[Opening DATA FOR THE TASK section]
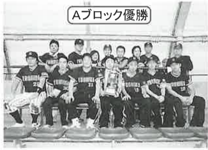
Aブロック優勝 吉野工業所
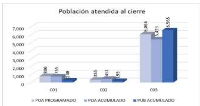
Gráfica 2. Avance de Población Atendida.

Fuente de información: Programa Operativo Anual y Padrón Único de Beneficiarios 2023 cierre.
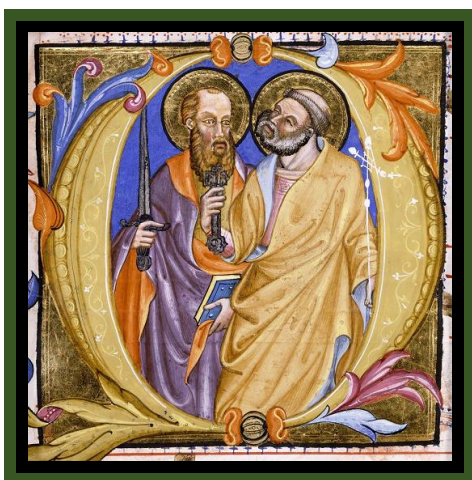
Martino de Bartolomeo, Santi Pietro e Paolo, miniatura, 1400, Coll. Priv.

«Chi non prende la croce non è degno di me. Chi accoglie voi, accoglie me»
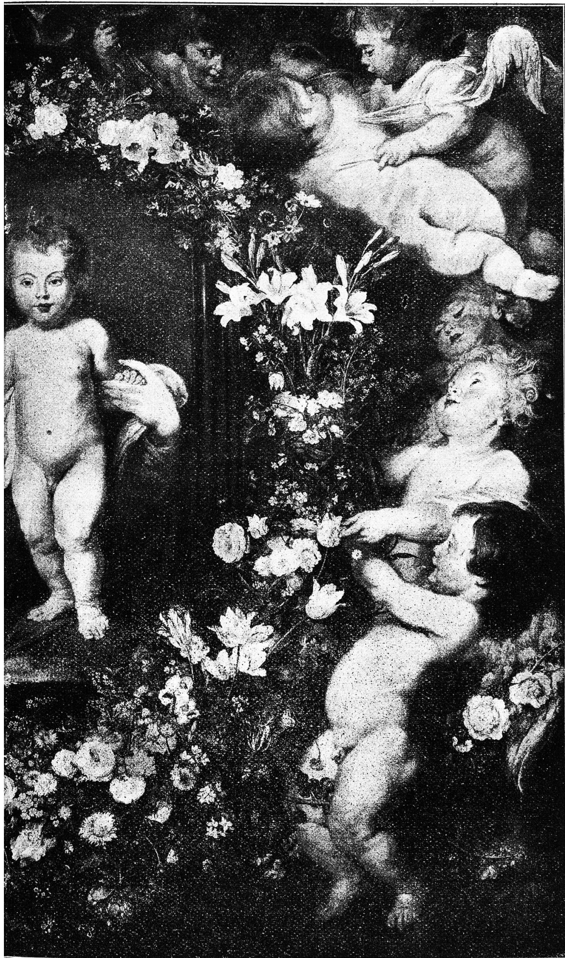
Ein Gemälde von Peter Paul Rubens.
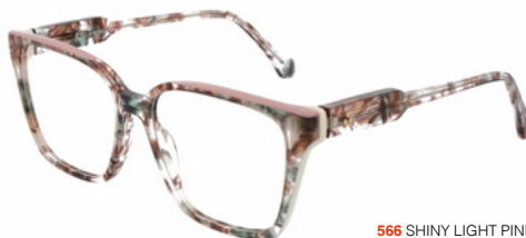
566 SHINY LIGHT PINK
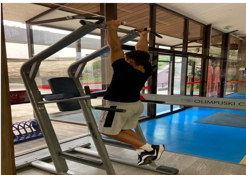
Slika 19. Izvođenje zgibova s uskim hvatom

Slični kao zgibovi samo što je kod njih veća koncentracija na bicepsu, ali su i dalje aktivirana gornja leđa. Pomaže kod razvijanja maksimalne snage i eksplozivnosti u gornjem dijelu tijela. Može se raditi s utezima i sa opterećenjem. Dobra je za dugoprugaše jer razvija snagu i fazu povlačenja vode.
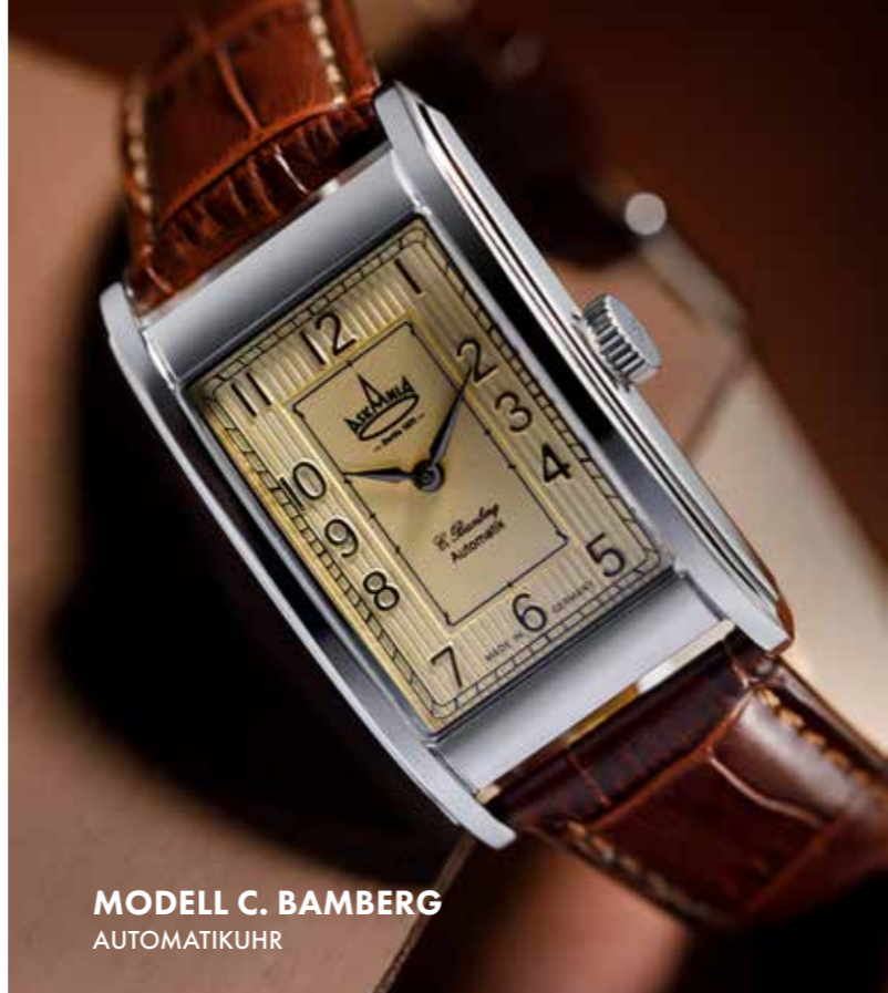
MODELL C. BAMBERG AUTOMATIKUHR
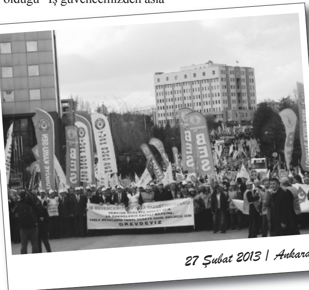
27 Şubat 2013 | Ankara

Kızıl Bayrak / İstanbul-Ankara-Bursa-Çanakkale-Adana-Kayseri
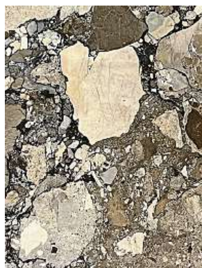
Chcete slyšet geologický vtípek? Tomuhle jevu říkají tlačěnka.

Ano, je to tak. Padesát let je sice úctyhodná doba, ale já se jako paleontolog pohybuji ve stovkách milionů let. Při svých vycházkách pro veřejnost Metro očima geologa, kdy provázím pro Prague Czech Tourism, navštívíme několik stanic všech tří linek a společně poznáváme zkamenělé příběhy v obkladech a pochozích kamenech.
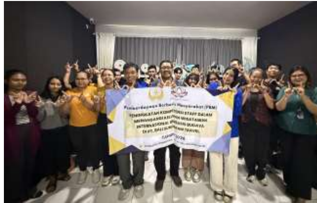
Gambar 3. Foto bersama setelah pelatihan

Tahap terakhir yaitu melaksanakan monitoring dan evaluasi terhadap karyawan. Pemantauan secara berkala dilakukan pada tahap akhir untuk melihat keberhasilan pelatihan pada bulan-bulan selanjutnya. Pada tahap evaluasi ini dilakukan perbandingan kemampuan awal yang dimiliki oleh karyawan yang diperoleh dari hasil kuesioner sebelumnya dalam bentuk pre-test dan post-test. Hasil dari evaluasi tersebut dituangkan dalam bentuk grafik untuk mempermudah melihat keberhasilan dan capaian dari program pelatihan ini.
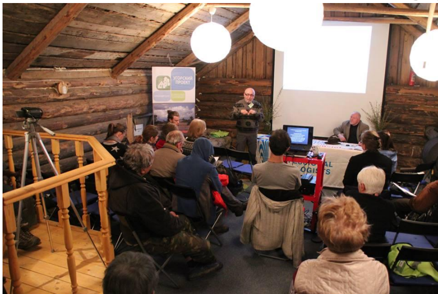
В зале заседаний. Лекцию читает проф.В.И.Ильин

Для конкурса студенческих экспедиций «Открываем Россию заново» 13 марта 2017 г.
[Closing DATA FOR THE TASK section]
**TASK ITEM:**
Copy all the lines from the data above that hold the word "pelatihan".

**TASK SOLUTION:**
Gambar 3. Foto bersama setelah pelatihan
Tahap terakhir yaitu melaksanakan monitoring dan evaluasi terhadap karyawan. Pemantauan secara berkala dilakukan pada tahap akhir untuk melihat keberhasilan pelatihan pada bulan-bulan selanjutnya. Pada tahap evaluasi ini dilakukan perbandingan kemampuan awal yang dimiliki oleh karyawan yang diperoleh dari hasil kuesioner sebelumnya dalam bentuk pre-test dan post-test. Hasil dari evaluasi tersebut dituangkan dalam bentuk grafik untuk mempermudah melihat keberhasilan dan capaian dari program pelatihan ini.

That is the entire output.